What is a Neural Network (C1W1L02)
# Understanding Neural Networks and Deep Learning: A Step-by-Step Guide
## Introduction to Deep Learning
Deep learning is a subset of machine learning that involves training neural networks, sometimes very large ones. The concept can be complex, but we'll break it down using a practical example.
## Housing Price Prediction with Linear Regression
Let's start with a simple housing price prediction example. Suppose you have a dataset of six houses, each with the size (in square feet or meters) and the corresponding price. Your goal is to fit a function that predicts house prices based on their size.
If you're familiar with linear regression, you might begin by fitting a straight line to the data. This approach works well for simple relationships but has limitations. For instance, house prices cannot be negative, so if your straight-line model predicts negative values for small-sized houses, it's flawed.
To address this, we can modify our approach. Instead of a straight line that might dip below zero, we can create a curve that bends to ensure the price remains non-negative. This results in a function that starts at zero and then follows a straight line, much like the blue curve shown earlier.
## Neural Networks: The Simplest Form
This modified function can be seen as the simplest form of a neural network—a single neuron. Here's how it works:
- **Input (X):** The size of the house.
- **Neuron:** This node takes the input, computes a linear function, applies the rectified linear activation (ReLU), and outputs the predicted price.
The ReLU function is crucial here. It ensures that the output is always non-negative by taking the maximum of zero and the linear function's result. This activation function is widely used in neural networks because it helps introduce non-linearity into the model, allowing it to capture more complex patterns in the data.
## Building a Larger Neural Network
A larger neural network is constructed by stacking many such neurons together. Imagine each neuron as a Lego brick; you build a bigger structure by combining multiple bricks.
For example, instead of predicting house prices based solely on size, we can include additional features like:
- **Number of bedrooms:** Affects the price significantly.

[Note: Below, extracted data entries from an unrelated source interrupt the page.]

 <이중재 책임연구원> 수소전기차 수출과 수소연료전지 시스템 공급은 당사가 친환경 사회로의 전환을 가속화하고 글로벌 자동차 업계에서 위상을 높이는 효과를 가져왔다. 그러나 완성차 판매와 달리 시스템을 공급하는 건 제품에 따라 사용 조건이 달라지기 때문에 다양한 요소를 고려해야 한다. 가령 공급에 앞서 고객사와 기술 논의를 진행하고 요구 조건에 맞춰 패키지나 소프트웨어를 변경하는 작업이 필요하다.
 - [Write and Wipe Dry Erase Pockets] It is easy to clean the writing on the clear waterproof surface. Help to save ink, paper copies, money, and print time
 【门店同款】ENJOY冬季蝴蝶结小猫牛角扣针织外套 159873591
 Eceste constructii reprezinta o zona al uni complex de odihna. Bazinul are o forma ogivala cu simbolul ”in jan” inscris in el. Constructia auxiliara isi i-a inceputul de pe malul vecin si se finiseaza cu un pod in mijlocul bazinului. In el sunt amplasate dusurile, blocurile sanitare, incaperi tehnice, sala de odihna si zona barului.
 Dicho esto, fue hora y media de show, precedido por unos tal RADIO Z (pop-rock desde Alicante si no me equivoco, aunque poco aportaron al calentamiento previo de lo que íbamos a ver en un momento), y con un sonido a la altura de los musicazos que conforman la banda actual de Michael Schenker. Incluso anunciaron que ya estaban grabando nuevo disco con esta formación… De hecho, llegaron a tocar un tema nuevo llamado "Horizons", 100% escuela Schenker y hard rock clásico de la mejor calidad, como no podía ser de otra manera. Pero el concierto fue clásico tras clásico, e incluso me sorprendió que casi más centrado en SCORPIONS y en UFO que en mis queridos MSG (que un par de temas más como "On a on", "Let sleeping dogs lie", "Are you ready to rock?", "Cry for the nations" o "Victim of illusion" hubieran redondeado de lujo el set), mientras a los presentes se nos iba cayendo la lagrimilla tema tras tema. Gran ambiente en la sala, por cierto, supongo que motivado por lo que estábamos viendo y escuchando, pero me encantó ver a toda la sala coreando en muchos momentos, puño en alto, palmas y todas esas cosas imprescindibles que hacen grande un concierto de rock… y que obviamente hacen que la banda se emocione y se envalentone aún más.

- **Zip code (postal code):** Indicates walkability and school quality in certain areas.
Each feature becomes an input to the network. The magic of neural networks lies in their ability to learn complex relationships between inputs and outputs by processing these features through multiple layers.
## Hidden Units and Layer Connectivity
In a neural network, each circle (or node) in the middle layer is called a hidden unit. These units take all four input features (size, number of bedrooms, zip code, etc.) as their input. The remarkable thing about neural networks is that you don't need to specify how each hidden unit should process the inputs; the network learns this during training.
The layers in a neural network are densely connected, meaning every input feature is connected to every hidden unit in the next layer. This dense connectivity allows the network to learn intricate patterns and relationships within the data.
## The Power of Neural Networks
Given enough data (pairs of X inputs and Y outputs), neural networks can approximate complex functions with remarkable accuracy. They are particularly powerful in supervised learning, where the goal is to map an input (X) to an output (Y). The housing price prediction example is a classic case of supervised learning.
## Conclusion: Applications Beyond Housing Prices
As you build your own neural networks, you'll find them incredibly useful for various applications beyond housing price prediction. In the next video, we'll explore more examples of supervised learning and see how neural networks can be applied to solve real-world problems effectively.
By understanding the basics—starting from simple linear regression and moving to complex neural networks—you're taking a crucial step toward mastering deep learning and its many applications.